AI adoption outpaces governance in a highly regulated sector
The research highlights a clear disconnect between deployment and control that acts as backdrop for any deployment of AI agents. Only a third (32%) of FS organisations report moderate confidence in their understanding of the legal frameworks governing AI, signalling widespread uncertainty in a sector defined by regulation.
Governance maturity remains low. Fewer than a quarter (21%) of organisations have comprehensive AI policies in place, with many still in development. Meanwhile, 44% cite unclear regulation or compliance standards as a barrier to progress.
In practice, this means AI is being embedded into operations before accountability, oversight and audit structures are fully established. As agentic systems take on more autonomous roles, the risks associated with this gap become more acute.

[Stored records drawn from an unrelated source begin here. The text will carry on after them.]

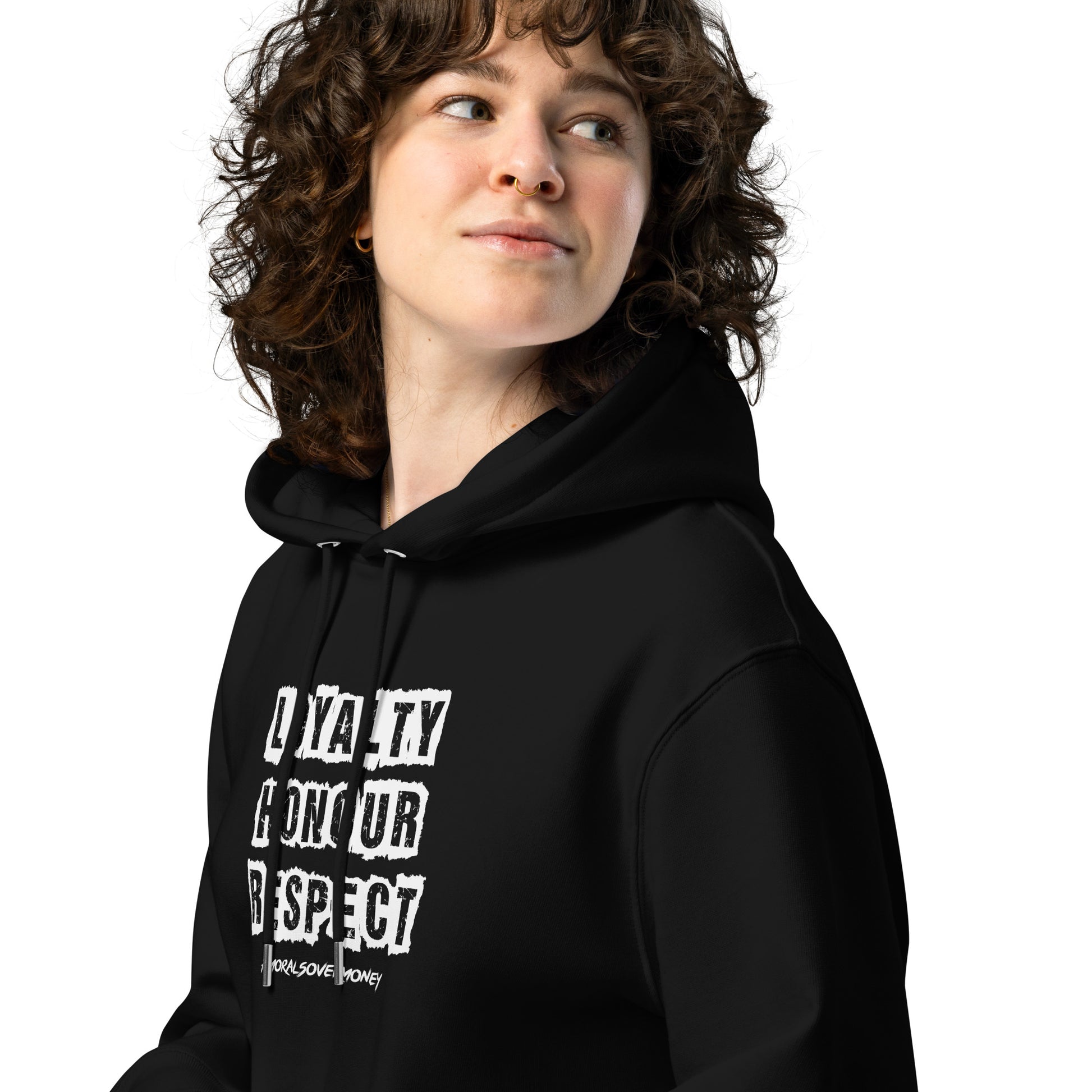 100% Organic Cotton Essentials 'Loyalty, Honour, Respect' Eco Hoodie - White Logo
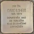 David Loheit was born on 25 January 1876. His parents were Sara and Tzvi Loheit. He married Josefine née Adler, born on 16 February 1882 in Horažďovice. His wife had ten siblings.[45] David Loheit and his wife had three children: Egon (born 1907), Elsa (born 1909) and Olga (born 1910). He was first deported in 1942 to Theresienstadt concentration camp and 1943 to Auschwitz concentration camp, where he lost his life.[46]
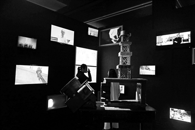 黑色的背景營造出“時光隧道”的感覺、記錄年代關鍵詞的40個燈箱在“隧道”一側亮起,伴隨著參觀者的腳步,從1977年緩步走到2018年?!八淼馈钡牧硪粋葎t是與這些關鍵詞相關的藝術發(fā)展進程中的重要作品。而在展廳的中間,還陳列了一些珍貴的老物件。這是正在798國際藝術交流中心展廳舉辦的“行進中的歷史”,用年代記錄了藝術領域在改革開放以來的發(fā)展進程。
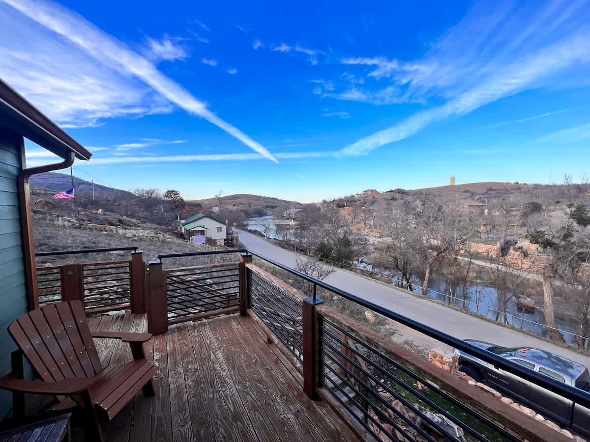 Disfruta de un alojamiento de lujo en Medicine Park con vistas al arroyo y a la montaña, camina hasta Cobblestone Row y Bath Lake. Capacidad para 10 personas con 1 cama tamaño king, 1 cama tamaño queen, 1 cama doble, 3 camas nido individuales y un sofá cama. Cuenta con 4 dormitorios: 2 dormitorios completos, 1 dormitorio loft con puerta, 1 dormitorio loft abierto con vistas al área principal, 2 baños, cocina completa, nueva gama. Frente al Riverside Café y Parkside Tavern. Ideal para vacaciones en familia, escapadas románticas y aventuras en la naturaleza. Precio basado en el número de huéspedes, mascotas, época del año.
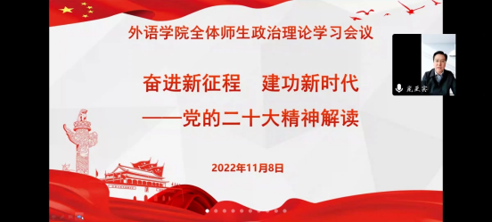 庞亚宾在总结中谈到,本次专题讲座恰逢其时,樊金山副教授的报告既有理论深度又有现实厚度,传递的思想令人深受启发。针对之后学院师生关于党的二十大精神的学习提出几点要求:要深刻领悟“两个确立”的决定性意义,增强“四个意识”、坚定“四个自信”、做到“两个维护”,切实把思想统一到党的二十大精神上来,把力量凝聚到党的二十大确定的各项任务上来;要在全面学习上下工夫,全面把握习近平新时代中国特色社会主义思想的世界观、方法论和贯穿其中的立场观点方法,全面把握党的二十大作出的各项战略部署,增强贯彻落实的自觉性和坚定性;教师要坚持立德树人,将线上与线下、课上与课下、学校与经济社会发展需求相结合,更好地助力青年学生成长成才,为科教兴国、人才强国贡献智慧和力量;学生要进一步加深对党的二十大精神的认识和理解,坚定不移听党话、跟党走,锤炼自身本领,知行合一,为实现中华民族伟大复兴而接续奋斗。最后,他强调,学习宣传贯彻党的二十大精神是当前和今后一个时期的首要政治任务。各党支部要切实提高政治站位,充分认识学习宣传贯彻党的二十大精神的重大意义,持续兴起学习宣传贯彻热潮。

Control mechanisms remain unresolved as autonomy increases
As financial services organisations move towards greater AI autonomy, consensus on how to retain control is still lacking.
While 40% support the introduction of AI “kill switch” mechanisms to shut down systems in the event of failure or misuse, nearly half (46%) remain uncertain.
“This lack of alignment points to a deeper issue,” Mistry concluded. “Organisations are deploying increasingly powerful AI systems without a shared understanding of when, or how, human intervention should take place when it matters most.”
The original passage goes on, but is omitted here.